[Work required]:
Please give the lines below again exactly as they stand, from the one that contains "Pairing a slightly" up to and including the one that contains "Jakarta — Detasemen", leaving all pictures out.

[Entries provided]:
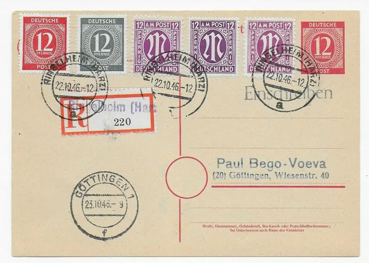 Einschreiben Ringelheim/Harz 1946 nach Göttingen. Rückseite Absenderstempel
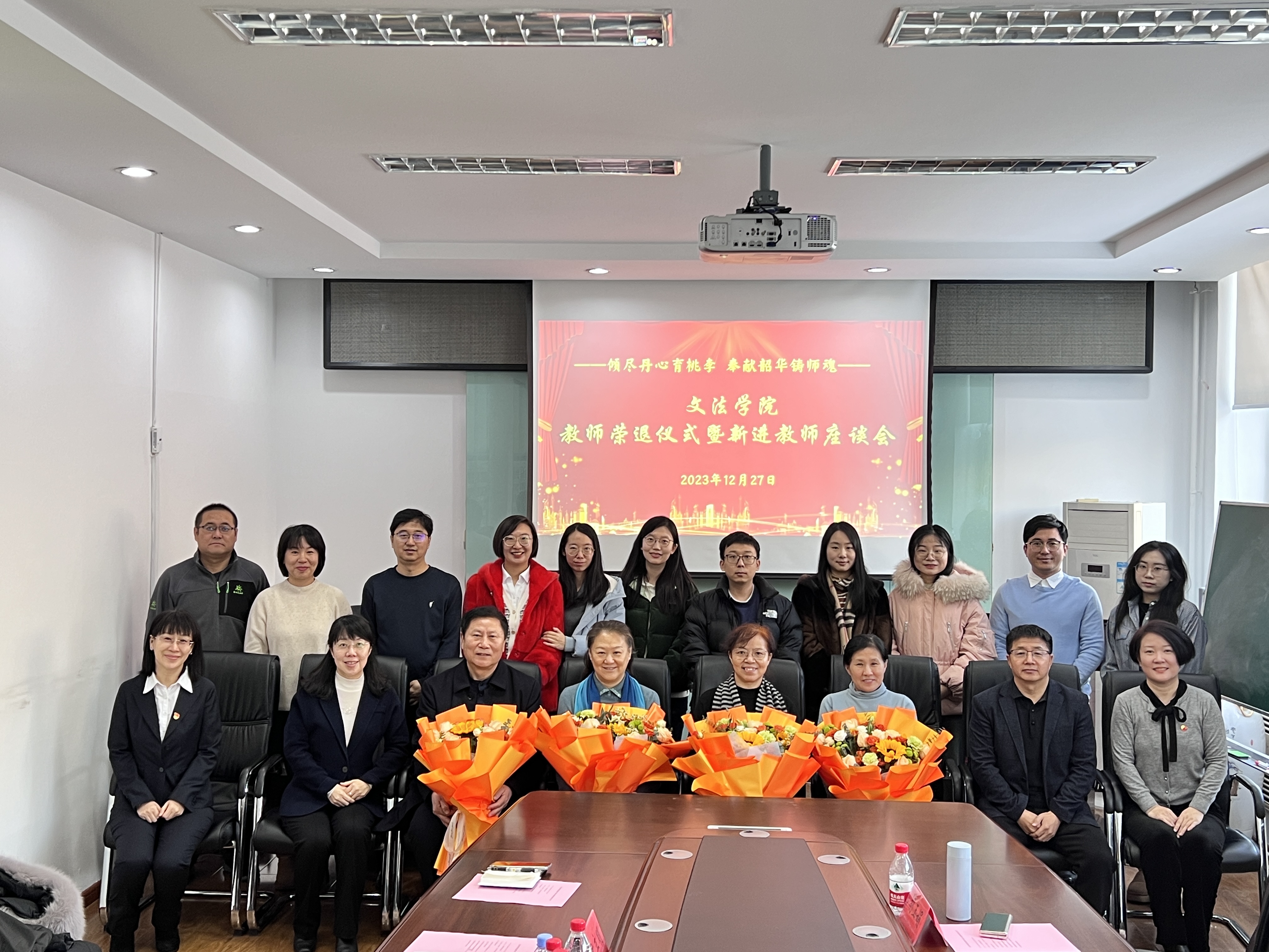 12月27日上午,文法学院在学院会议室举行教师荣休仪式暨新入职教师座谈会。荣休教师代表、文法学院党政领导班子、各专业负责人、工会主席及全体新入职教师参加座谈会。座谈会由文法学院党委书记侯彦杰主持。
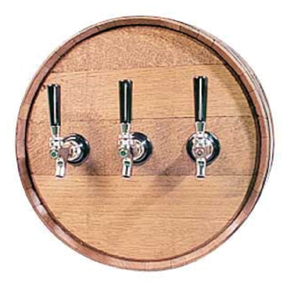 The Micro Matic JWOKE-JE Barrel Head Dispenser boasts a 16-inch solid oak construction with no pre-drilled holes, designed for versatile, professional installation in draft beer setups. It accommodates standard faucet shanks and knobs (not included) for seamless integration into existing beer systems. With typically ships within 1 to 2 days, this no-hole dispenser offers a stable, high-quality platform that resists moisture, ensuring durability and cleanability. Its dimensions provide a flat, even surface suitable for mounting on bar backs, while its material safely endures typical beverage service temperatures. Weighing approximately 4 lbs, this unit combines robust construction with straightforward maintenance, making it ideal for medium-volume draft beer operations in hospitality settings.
...
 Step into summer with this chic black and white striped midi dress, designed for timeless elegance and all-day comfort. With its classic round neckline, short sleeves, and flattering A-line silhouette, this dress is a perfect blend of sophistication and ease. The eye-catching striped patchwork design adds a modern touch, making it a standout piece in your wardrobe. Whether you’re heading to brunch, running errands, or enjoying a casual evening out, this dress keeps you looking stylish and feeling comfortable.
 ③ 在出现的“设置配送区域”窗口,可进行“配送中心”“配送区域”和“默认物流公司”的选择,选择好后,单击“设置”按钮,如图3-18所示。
...
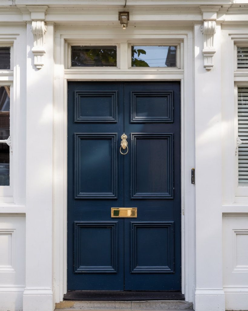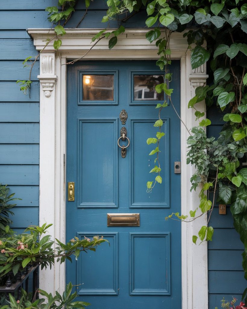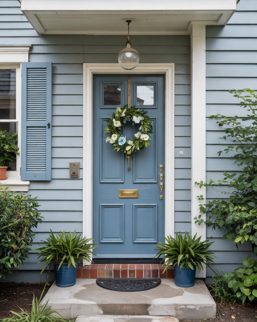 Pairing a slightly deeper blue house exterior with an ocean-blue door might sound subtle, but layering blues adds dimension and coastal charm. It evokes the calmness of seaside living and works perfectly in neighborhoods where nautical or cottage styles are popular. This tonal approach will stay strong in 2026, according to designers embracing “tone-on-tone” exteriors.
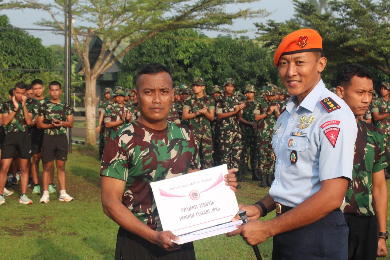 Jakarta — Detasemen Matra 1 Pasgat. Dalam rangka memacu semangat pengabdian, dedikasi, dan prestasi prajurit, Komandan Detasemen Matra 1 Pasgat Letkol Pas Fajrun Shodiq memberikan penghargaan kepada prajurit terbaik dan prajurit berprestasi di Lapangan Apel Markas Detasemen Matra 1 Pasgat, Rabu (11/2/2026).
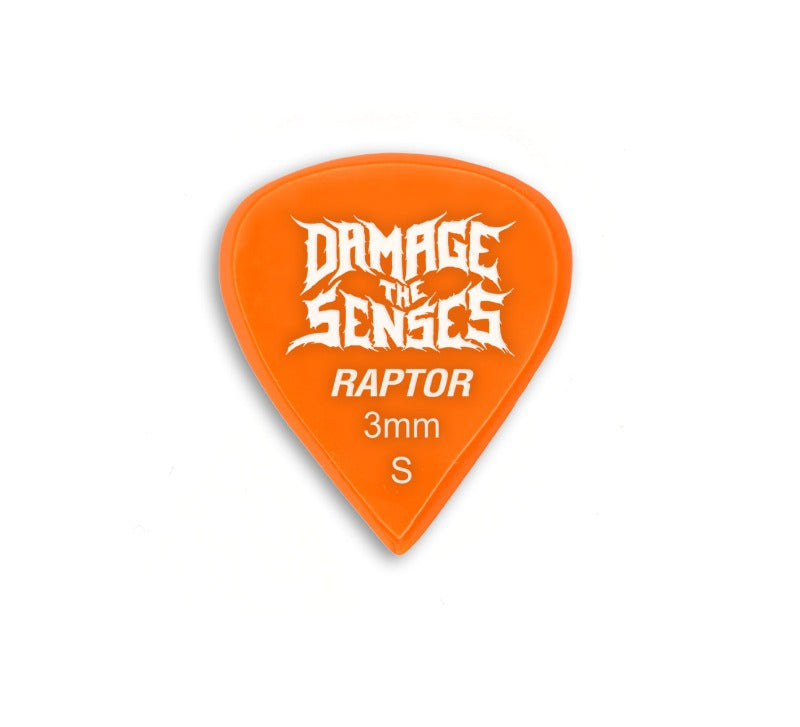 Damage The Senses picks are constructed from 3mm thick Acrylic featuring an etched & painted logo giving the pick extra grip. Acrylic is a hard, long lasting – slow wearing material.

[Written response]:
 Pairing a slightly deeper blue house exterior with an ocean-blue door might sound subtle, but layering blues adds dimension and coastal charm. It evokes the calmness of seaside living and works perfectly in neighborhoods where nautical or cottage styles are popular. This tonal approach will stay strong in 2026, according to designers embracing “tone-on-tone” exteriors.
 Jakarta — Detasemen Matra 1 Pasgat. Dalam rangka memacu semangat pengabdian, dedikasi, dan prestasi prajurit, Komandan Detasemen Matra 1 Pasgat Letkol Pas Fajrun Shodiq memberikan penghargaan kepada prajurit terbaik dan prajurit berprestasi di Lapangan Apel Markas Detasemen Matra 1 Pasgat, Rabu (11/2/2026).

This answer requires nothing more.